Nothing but the lines from the first line of the records through the line with "私の話の後、美化委員会が「持ち物に名前を書こう」という呼びかけをしました。" should be output, exactly as written and free of pictures.

(Stored data)
- Opening Delimiter -
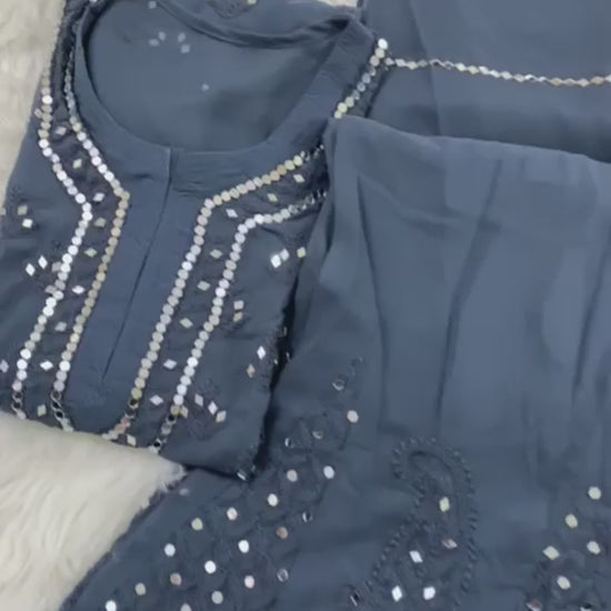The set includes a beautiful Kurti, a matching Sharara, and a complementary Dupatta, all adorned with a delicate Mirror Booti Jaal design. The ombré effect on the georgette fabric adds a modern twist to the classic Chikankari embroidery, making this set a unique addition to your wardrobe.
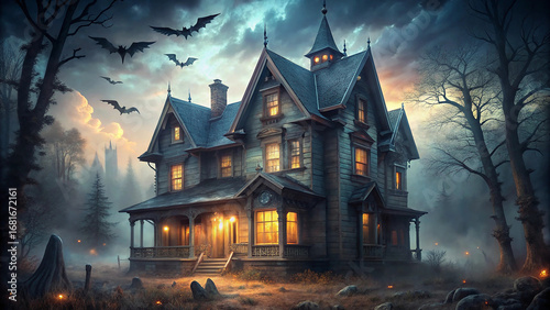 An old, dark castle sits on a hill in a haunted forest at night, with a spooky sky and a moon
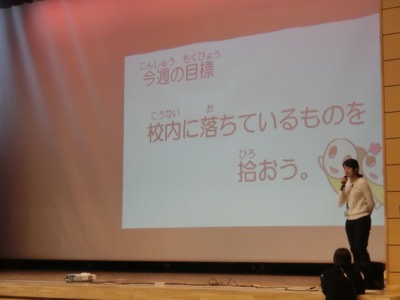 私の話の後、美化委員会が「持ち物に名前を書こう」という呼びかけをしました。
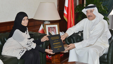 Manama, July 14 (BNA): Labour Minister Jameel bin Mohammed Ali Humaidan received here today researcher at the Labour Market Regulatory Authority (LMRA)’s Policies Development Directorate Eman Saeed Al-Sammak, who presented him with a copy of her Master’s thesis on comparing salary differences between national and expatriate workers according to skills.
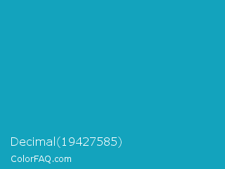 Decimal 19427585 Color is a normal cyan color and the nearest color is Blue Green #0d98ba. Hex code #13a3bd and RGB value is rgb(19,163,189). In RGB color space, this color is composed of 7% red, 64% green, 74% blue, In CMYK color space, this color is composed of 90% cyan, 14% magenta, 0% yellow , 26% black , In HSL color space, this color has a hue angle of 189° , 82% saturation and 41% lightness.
- Closing Delimiter -
▸ Exercise response:
The set includes a beautiful Kurti, a matching Sharara, and a complementary Dupatta, all adorned with a delicate Mirror Booti Jaal design. The ombré effect on the georgette fabric adds a modern twist to the classic Chikankari embroidery, making this set a unique addition to your wardrobe.
 An old, dark castle sits on a hill in a haunted forest at night, with a spooky sky and a moon
 私の話の後、美化委員会が「持ち物に名前を書こう」という呼びかけをしました。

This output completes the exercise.